- **WHAT IS EXPECTED**
Would you write out every record that follows exactly, with the pictures left out?

- **SOURCE RECORDS**
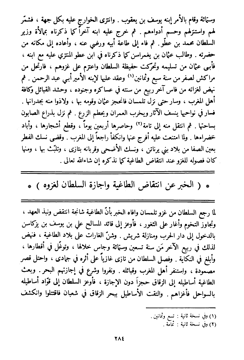وستمائة وقام بالأمر ابنه يوسف بن يعقوب. وانتزى الخوارج عليه بكل جهة، فشمّر لهم واستنزلهم وحسم أدواءهم. ثم خرج عليه ابنه آخرا كما ذكرناه بممالأة وزير السلطان محمد بن عطّو. ثم فاء إلى طاعة أبيه ورضي عنه، وأعاده إلى مكانه من حضرته. وطالب عثمان بن يغمراسن كما ذكرناه في ابن عطو المنتزي عليه مع ابنه، فأبى عثمان من تسليمه وتحرّكت حفيظة السلطان واعتزم على غزوهم، فارتحل من مراكش لصفر من سنة سبع وثمانين [1] وعقد عليها لابنه الأمير أبي عبد الرحمن. ثم نهض لغزاته من فاس آخر ربيع من سنته في عساكره وجنوده، وحشد القبائل وكافة أهل المغرب، وسار حتى نزل تلمسان فانحجز عثمان وقومه بها، ولاذوا منه بجدرانها.
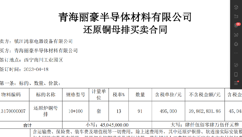 4月18日上午,我公司與青海麗豪半導(dǎo)體材料有限公司簽訂多晶硅還原銅母排合作協(xié)議,簽約雙方希望在技術(shù)研···
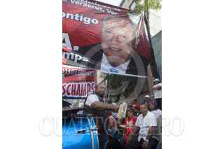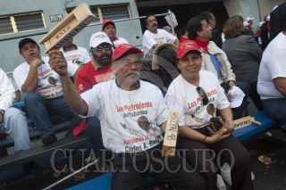 MÉXICO, D.F., 20OCTUBRE2012.- Cientos de trabajadores petroleros esperan afuera de su sede sindical luego que en el interior se realiza a puerta cerrada la 25 Convención Ordinaria del Sindicato de Trabajadores Petroleros de la República Mexicana la cual inició este sábado para reelegir al actual senador Carlos Romero Deschamps como líder del gremio por otros seis años quien es líder de ese sindicato desde 1997. FOTO: RODOLFO ANGULO /CUARTOSCURO.COM
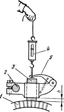 Натиснення на щітку 3 (Рис. 8), пружиною, вимірюють динамометром 4, закріпленим за важіль 5 в тому місці, де він тисне на щітку. Між щіткою і колектором 1 прокладають лист паперу. Плавно натягуючи динамометр за гачок, помічають його свідчення в мить, коли папір може бути без зусилля витягнутий. Воно відповідатиме натисненню щітки на колектор, яке повинне бути витримано в межах, що рекомендуються для даної машини.
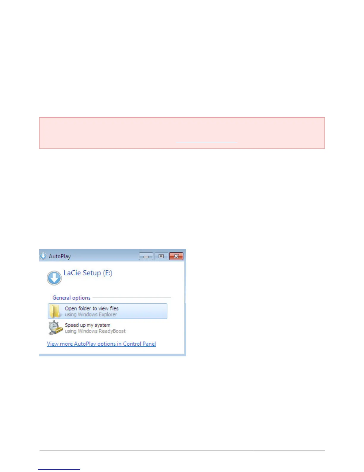 AutoPlay: Windows AutoPlay may detect your LaCie hard drive as soon as it is connected to your computer. If

- **THE COMPLETED TASK**
وستمائة وقام بالأمر ابنه يوسف بن يعقوب. وانتزى الخوارج عليه بكل جهة، فشمّر لهم واستنزلهم وحسم أدواءهم. ثم خرج عليه ابنه آخرا كما ذكرناه بممالأة وزير السلطان محمد بن عطّو. ثم فاء إلى طاعة أبيه ورضي عنه، وأعاده إلى مكانه من حضرته. وطالب عثمان بن يغمراسن كما ذكرناه في ابن عطو المنتزي عليه مع ابنه، فأبى عثمان من تسليمه وتحرّكت حفيظة السلطان واعتزم على غزوهم، فارتحل من مراكش لصفر من سنة سبع وثمانين [1] وعقد عليها لابنه الأمير أبي عبد الرحمن. ثم نهض لغزاته من فاس آخر ربيع من سنته في عساكره وجنوده، وحشد القبائل وكافة أهل المغرب، وسار حتى نزل تلمسان فانحجز عثمان وقومه بها، ولاذوا منه بجدرانها.
 4月18日上午,我公司與青海麗豪半導(dǎo)體材料有限公司簽訂多晶硅還原銅母排合作協(xié)議,簽約雙方希望在技術(shù)研···
 MÉXICO, D.F., 20OCTUBRE2012.- Cientos de trabajadores petroleros esperan afuera de su sede sindical luego que en el interior se realiza a puerta cerrada la 25 Convención Ordinaria del Sindicato de Trabajadores Petroleros de la República Mexicana la cual inició este sábado para reelegir al actual senador Carlos Romero Deschamps como líder del gremio por otros seis años quien es líder de ese sindicato desde 1997. FOTO: RODOLFO ANGULO /CUARTOSCURO.COM
 Натиснення на щітку 3 (Рис. 8), пружиною, вимірюють динамометром 4, закріпленим за важіль 5 в тому місці, де він тисне на щітку. Між щіткою і колектором 1 прокладають лист паперу. Плавно натягуючи динамометр за гачок, помічають його свідчення в мить, коли папір може бути без зусилля витягнутий. Воно відповідатиме натисненню щітки на колектор, яке повинне бути витримано в межах, що рекомендуються для даної машини.
 AutoPlay: Windows AutoPlay may detect your LaCie hard drive as soon as it is connected to your computer. If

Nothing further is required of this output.